Le décret n°89-655 du 13 septembre 1989 relatif aux cérémonies publiques, préséances, honneurs civils et militaires ne fait pas mention des présidents des EPCI à fiscalité propre. Par conséquent, il appartient à l’autorité invitante d’apprécier la place qu’il convient de leur attribuer en fonction des circonstances qui président à la tenue de la cérémonie publique. Ainsi, en l’absence de mandat lui conférant un rang supérieur, un président d’EPCI pourra être placé après le Maire de la Commune dans laquelle se déroule la cérémonie.

Réponse ministérielle, J.O., Assemblée Nationale, 28 février 2017, p.1847, Q. n°100303

C’est l’article D.2122-4 du Code Général des Collectivités Territoriales qui prévoit les règles en la matière :

« Les maires portent l'écharpe tricolore avec glands à franges d'or dans les cérémonies publiques et toutes les fois que l'exercice de leurs fonctions peut rendre nécessaire ce signe distinctif de leur autorité.

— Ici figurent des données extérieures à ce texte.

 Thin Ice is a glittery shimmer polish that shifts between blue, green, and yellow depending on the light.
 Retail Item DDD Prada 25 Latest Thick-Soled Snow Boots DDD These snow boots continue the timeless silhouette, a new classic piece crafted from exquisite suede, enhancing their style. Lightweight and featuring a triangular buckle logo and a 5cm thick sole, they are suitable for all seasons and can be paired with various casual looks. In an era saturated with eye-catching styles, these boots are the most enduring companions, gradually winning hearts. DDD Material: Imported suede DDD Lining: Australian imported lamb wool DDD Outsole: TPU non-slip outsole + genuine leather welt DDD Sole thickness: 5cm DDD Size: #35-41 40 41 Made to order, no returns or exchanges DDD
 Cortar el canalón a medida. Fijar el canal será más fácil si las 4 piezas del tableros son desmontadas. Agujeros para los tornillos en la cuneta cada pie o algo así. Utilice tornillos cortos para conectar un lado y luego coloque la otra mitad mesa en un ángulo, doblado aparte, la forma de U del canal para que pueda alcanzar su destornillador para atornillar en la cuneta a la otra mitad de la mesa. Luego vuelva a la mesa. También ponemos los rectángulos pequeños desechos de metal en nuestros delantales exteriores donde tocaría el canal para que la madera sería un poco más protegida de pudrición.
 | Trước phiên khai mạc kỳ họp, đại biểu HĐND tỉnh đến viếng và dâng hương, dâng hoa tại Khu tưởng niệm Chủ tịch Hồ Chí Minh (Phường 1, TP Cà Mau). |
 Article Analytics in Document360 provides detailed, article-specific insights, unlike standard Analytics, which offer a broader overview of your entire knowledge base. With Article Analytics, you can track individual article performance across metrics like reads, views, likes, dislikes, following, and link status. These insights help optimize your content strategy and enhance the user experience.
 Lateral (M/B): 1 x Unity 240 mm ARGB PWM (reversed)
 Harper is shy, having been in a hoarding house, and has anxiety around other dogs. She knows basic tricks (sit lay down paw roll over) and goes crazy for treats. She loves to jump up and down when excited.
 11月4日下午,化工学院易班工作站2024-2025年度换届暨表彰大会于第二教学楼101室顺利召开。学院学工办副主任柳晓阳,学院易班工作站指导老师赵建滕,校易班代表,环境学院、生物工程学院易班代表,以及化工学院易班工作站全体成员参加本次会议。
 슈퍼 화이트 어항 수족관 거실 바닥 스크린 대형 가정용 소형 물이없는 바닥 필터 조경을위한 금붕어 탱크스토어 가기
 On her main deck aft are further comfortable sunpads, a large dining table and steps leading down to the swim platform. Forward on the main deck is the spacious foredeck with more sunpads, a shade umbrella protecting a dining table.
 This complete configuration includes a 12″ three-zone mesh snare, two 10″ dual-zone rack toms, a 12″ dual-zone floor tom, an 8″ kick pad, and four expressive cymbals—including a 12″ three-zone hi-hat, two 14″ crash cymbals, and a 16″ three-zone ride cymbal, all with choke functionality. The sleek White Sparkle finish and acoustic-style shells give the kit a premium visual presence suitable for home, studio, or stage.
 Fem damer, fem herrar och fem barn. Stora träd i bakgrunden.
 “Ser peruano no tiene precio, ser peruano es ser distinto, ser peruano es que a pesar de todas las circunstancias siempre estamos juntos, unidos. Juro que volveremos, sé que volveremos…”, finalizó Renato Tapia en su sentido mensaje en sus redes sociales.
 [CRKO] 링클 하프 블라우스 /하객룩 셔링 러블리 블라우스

Les adjoints portent l'écharpe tricolore avec glands à franges d'argent dans l'exercice de leurs fonctions d'officier d'état civil et d'officier de police judiciaire, et lorsqu'ils remplacent ou représentent le maire en application des articles L. 2122-17 et L. 2122-18.

Les conseillers municipaux portent l'écharpe tricolore avec glands à franges d'argent lorsqu'ils remplacent le maire en application de l'article L. 2122-17 ou lorsqu'ils sont conduits à célébrer des mariages par délégation du maire dans les conditions fixées par l'article L. 2122-18.

L'écharpe tricolore peut se porter soit en ceinture soit de l'épaule droite au côté gauche. Lorsqu'elle est portée en ceinture, l'ordre des couleurs fait figurer le bleu en haut. Lorsqu'elle est portée en écharpe, l'ordre des couleurs fait figurer le bleu près du col, par différenciation avec les parlementaires ».

L’article 3 du décret n°89-655 du 13 septembre 1989 relatif aux cérémonies publiques, préséances, honneurs civils et militaires précise les règles de préséance applicables dans ce cas de figure.

Il convient d’ajouter que :

  • dans les cérémonies publiques non prescrites par ordre du Gouvernement, l'autorité invitante (le Maire) occupe le deuxième rang dans l'ordre des préséances, après le représentant de l'Etat (article 9) ;

  • « lorsque les autorités sont placées côte à côte, l'autorité à laquelle la préséance est due se tient au centre. Les autres autorités sont placées alternativement à sa droite puis à sa gauche, du centre vers l'extérieur, dans l'ordre décroissant des préséances. Lorsque la configuration des lieux exige que les autorités soient placées en rangs successifs de part et d'autre d'une allée centrale, l'autorité à laquelle la préséance est due se tient à la gauche de la travée de droite. L'autorité occupant le second rang se tient à la droite de la travée de gauche. Les autres autorités sont placées, dans l'ordre décroissant des préséances, rangée par rangée et, pour une même rangée, alternativement dans la travée de droite, puis dans la travée de gauche, du centre vers l'extérieur » (article 16) ;

  • s’agissant de l’ordre des discours, l’ordre de la préséance est inversé. Le premier discours sera prononcé par l’autorité invitante (le Maire) et le dernier par le représentant de l’Etat (article 19).